In our experiment young (6.5 weeks ± 1 week old, weighted 150-255 g) male OLETF rats (n=3) and their age-matched lean LETO controls (n=3) were used (generous gift of the Tokushima Research Institute, Otsuka Pharmaceutical, Tokushima, Japan to AH). The rats were housed individually and kept on a 12:12-hour light-dark cycle receiving ad libitum tap water and pelleted rat chow (Teklad 2018). All protocols used in the present study were conducted in accordance with the National Institute of Health Guide for the Care and Use of Laboratory Animals (NIH Publications No. 88-2959, 2002) that was approved by The Pennsylvania State University Institutional Animal Care and Use Committee, as well as with the EU Directive 2010/63/EU for animal experiments.

2.2 Oral glucose tolerance test

Because the OLETF strain has been identified and used as a model of type-2 diabetes due to gradual development of pre-diabetes and ultimately diabetes mellitus over the life-span of these rats, we have tested the presence of diabetes in our subjects using oral glucose tolerance test (OGTT). However, CART peptide has been implicated in stress responses (Gozen et al., 2007; Hunter et al., 2007; Xu et al., 2010). Therefore, to avoid any potential confounds with respect to strain differences in developmental effects to stress such as the restrain and tail nicks for blood collections required for the tests, OGTT were performed in a separate cohorts of age-matched littermates (n=3 OLETF, n=3 LETO).

Following a 16 hours fast, an oral glucose load (2g/kg) was delivered to each rat via latex gavage. Blood glucose was measured before and at 30, 60, 90, and 120 minutes post-glucose loading using a standard glucometer (LifeScan, One-Touch Basic). Animals were classified as diabetic if the peak level of plasma glucose was ≥300 mg/dl or 16.66 mmol/l and a peak glucose level at 120 minutes > 200 mg/dl or 11.11 mmol/l (Kawano et al., 1992).

2.3 Immunohistochemistry

Since plasma and brain levels of CART peptides exhibit a diurnal variation (Vicentic et al., 2004), rats were sacrificed at the same time in the afternoon (between 2-4 PM). Animals were terminally anaesthetized with pentobarbital (Nembutal 100mg/kg body weight), then transcardially perfused with 0.1M phosphate buffer (PB, pH 7.4), followed by perfusion of 5% formaldehyde in PB. The brains were removed from the skull and postfixed in the same fixative used for the perfusion overnight. Following fixation, brains were cut from the rostral portion of the NACC to the medulla oblongata at 60μm using a vibratome, and sectioning resulted 100-120 sections per animal. Free floating sections were collected and processed for immunocytochemistry. Sections of one animal were processed together, but, because of the large numbers of sections, processing of all sections of all animals were impossible. However, we used our standard procedure for immunohistochemistry to ensure that all animals were processed under comparable conditions. Briefly, after washing in PB, sections were pretreated with a solution of 1% hydrogen-peroxide for 30 minutes to block endogenous peroxidase activity, then pre-incubated in normal horse serum (1% in PB) containing 0.4% Triton X-100 for 1 hour. This step was followed by incubation with the primary anti-CART (55-102) antibody (Phoenix Pharmaceuticals) diluted in PB (1:10000) overnight at room temperature with continuous shaking. Binding sites were visualized with biotinylated secondary antibody (1:100, Vector Laboratories, Burlingame, CA) and the avidin-biotin peroxidase detection system (1:50, Vector Laboratories, Burlingame, CA) using 3,3′-diaminobenzidine as chromogene. The sections were mounted on slides, air-dried, dehydrated, cleared with xylene and covered with Permount.

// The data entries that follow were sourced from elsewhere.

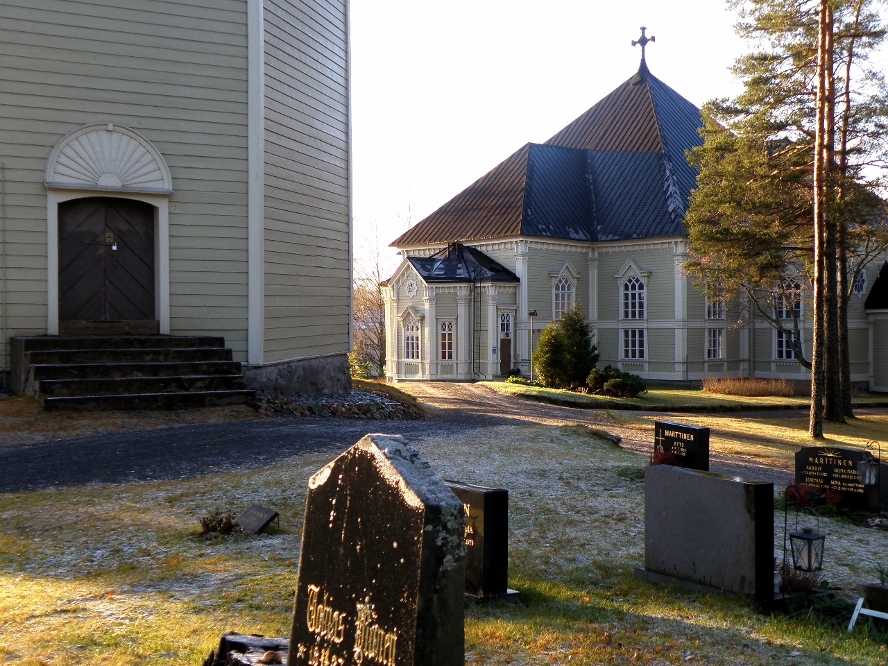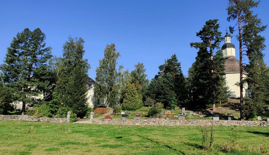 Kangasniemen kirkkoa ympäröivän maisemallisesti erittäin kauniin hautausmaan näkymiä esiteltiin jo edellisellä sivullamme #16, missä myös kerrottiin tarkemmin seurakunnan ja aiempienkin kirkkorakennusten historiaa.
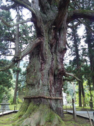 を引きずって、虫川大杉に会いに行きました。樹齢1200年の大木はコース のすぐ横にありました(左下の写真)。2年前と昨日の2回、真横を通ってい たのに私は気が付かなかったのです。まるで、完走するまでその姿を見せ てくれなかったかのようでした。 ![]()
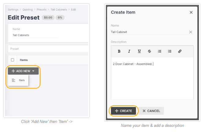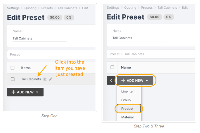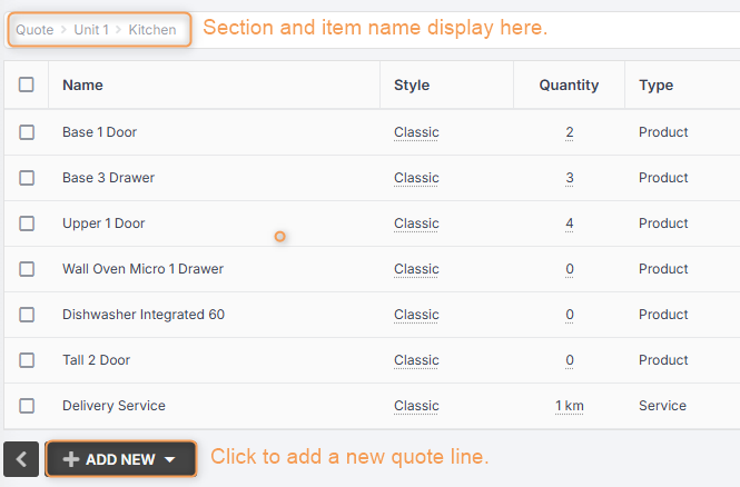 Example: You might have a preset called “Kitchen” which contains an exhaustive list of all your kitchen-type cabinets and other products. Then each time you create a quote for a kitchen, you can add the “kitchen” preset and select which specific combination of cabinets and other products your client wants.
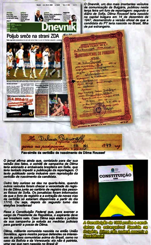 O texto acima é anexo de um e-mail com informações falsas dizendo que Dilma Rousseff, se eleita, não poderá assumir por não ser brasileira (ela nasceu em Minas Gerais). Segue na linha do movimento da extrema-direita dos Estados Unidos, chamado “birther”, que alega que Barack Obama não nasceu nos Estados Unidos e, portanto, não poderia ser presidente. Nos Estados Unidos, onde racismo explícito é inaceitável, foi a forma que a extrema-direita encontrou de carimbar Obama como “alienígina”, um negro que não sabe seu lugar, que não pode representar um país “de cristãos protestantes e brancos”. O ataque a Obama veio acompanhado da tentativa de classificá-lo como “muçulmano”. Ou seja, foi não apenas uma tentativa dos republicanos de ganhar a eleição, mas de “deslegitimar” o eleito ao classificá-lo como alguém que não pertence à Nação.

2.4 Quantification of intensity of CART peptide-immunoreactivity

Areas related to feeding and reward functions including NACC, medial, central and basolateral nuclei of the amygdala, nuclei of the hypothalamus, NTS and areas related to stress such as centrally projecting Edinger-Wetsphal nucleus (EWcp) and the periventricular nucleus of the hypothalamus were digitally photographed with an Olympus BX51 microscope. (Kozicz et al., 2011). Intensity of immunostaining was determined on black-and-white images using AnalySIS software, measuring the gray value of each area listed above.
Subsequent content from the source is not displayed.